Cells were seeded at 3×10⁶/8 ml per 10-cm dish and treated with control and test sugars (200 micromolar Fuc 3 vs. alkynyl derivatized Fuc 1, or 25 micromolar ManNAc 5 vs. alkynyl derivatized ManNAc 2) in growth medium at 37° C. After 3 days, cell extracts were prepared by resuspending the cells in 1 ml of lysis buffer (1% Nonidet P-40/150 mM NaCl/protease inhibitor/100 mM sodium phosphate, pH 7.5). Protein extract (1 mg/ml) was labeled for 1 h at room temperature (conditions as outlined in microscopic analysis; the azido rhodamine probe was a gift from Benjamin F. Cravatt, The Scripps Research Institute).
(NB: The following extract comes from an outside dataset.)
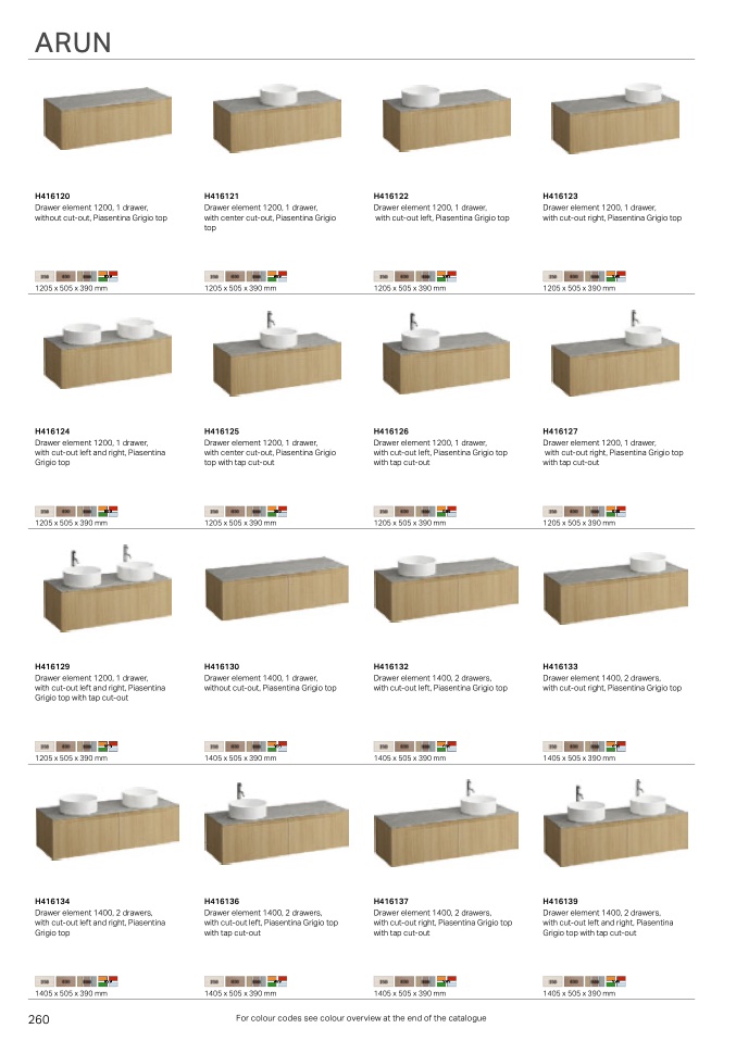 For colour codes see colour overview at the end of the catalogue

Labeled protein lysate was resolved by SDS/PAGE. For immunoblotting of biotin-labeled glycoconjugates, electrophoresed proteins were transferred onto PVDF membranes, blocked for 20 min with SuperBlock Blocking Buffer, probed for 1 h with anti-biotin MAb (1 microgram/ml), and incubated with peroxidase-conjugated goat anti-mouse IgG (1:7, 500 dilution) for 30 min. Each step was followed by a wash with 0.02% Tween 20/PBS (PBST). Signal was developed with SuperSignal Chemiluminescent Substrate and detected by exposure to x-ray film. For detecting the coumarin-labeled glycoconjugates, gels were examined under 365 nm UV light with a 535+/−50 nm filter. Images were taken by using a BioDoc—It imaging system (UVP). Rhodamine gels were analyzed.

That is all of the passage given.